Si tratta della causa che la Orion Bancorp of Florida (una banca) ha intentato contro la Orion Residential Finance. Il problema come è evidente era dato dalla similitudine dei due nomi e a quanto pare la Orion Residential l’ha preso un po’ sottogamba. Stando agli atti processuali infatti la società non si sarebbe presentata e avrebbe unicamente mandato un rappresentante in difesa.

Il verdetto è stato di quelli senza appello. Non solo Orion Residential non potrà più usare il suo nome per le pubblicità per non creare incomprensione e nemmeno potrà usufruire di un dominio che la contenga ma soprattutto, e qui sta la parte più nuova della causa, non potrà usare la parola “orion” per fare pubblicità in rete.

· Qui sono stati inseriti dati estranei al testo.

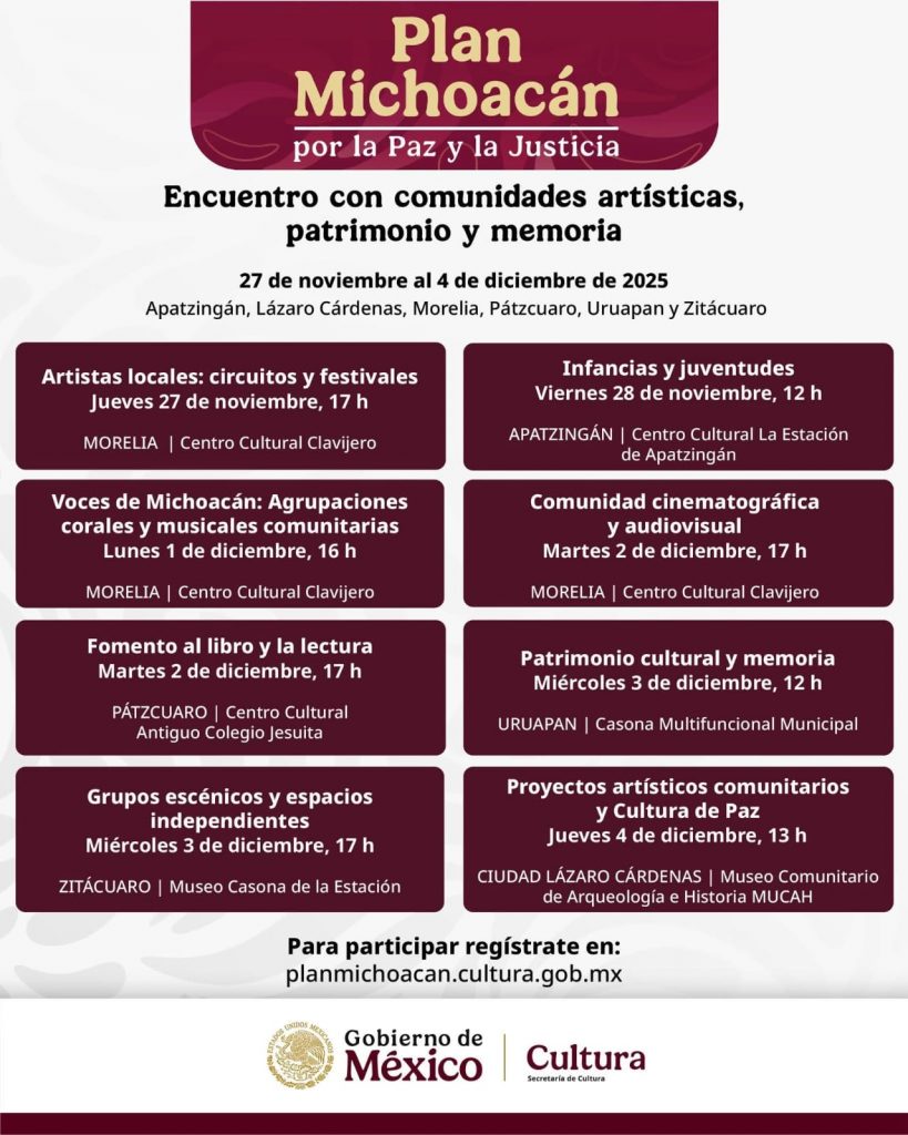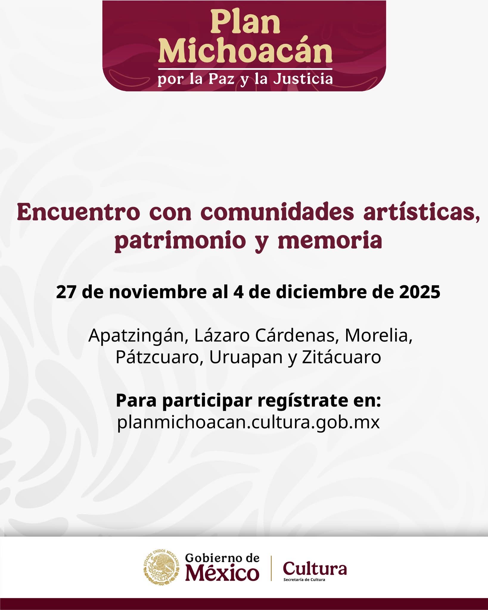 Morelia, Michoacán, 25 de noviembre del 2025.- La Secretaría de Cultura de Michoacán (Secum) informa que ya está abierto el registro para el encuentro “Comunidades artísticas, patrimonio y memoria”, que se realizará del 27 de noviembre al 4 de diciembre de 2025, como parte del Plan Michoacán por la Paz y la Justicia.

E non si parla di banner ma delle AdWords di Google, cioè la pubblicità contestuale.

Nello specifico la sentenza prevede che in caso la Orion Residential voglia farsi pubblicità in rete dovrà comprare anche una keyword negativa che gli impedisca di essere associato con la parola “orion”.

Secondo gli specialisti di giurisprudenza statunitensi una simile sentenza va decisamente oltre ciò che solitamente viene stabilito ed è imputabile più che alla situazione legale soprattutto alla difesa traballante dell’imputato. Adesso tuttavia la causa ha generato un precedente che sempre di più sarà richiesto dai querelanti.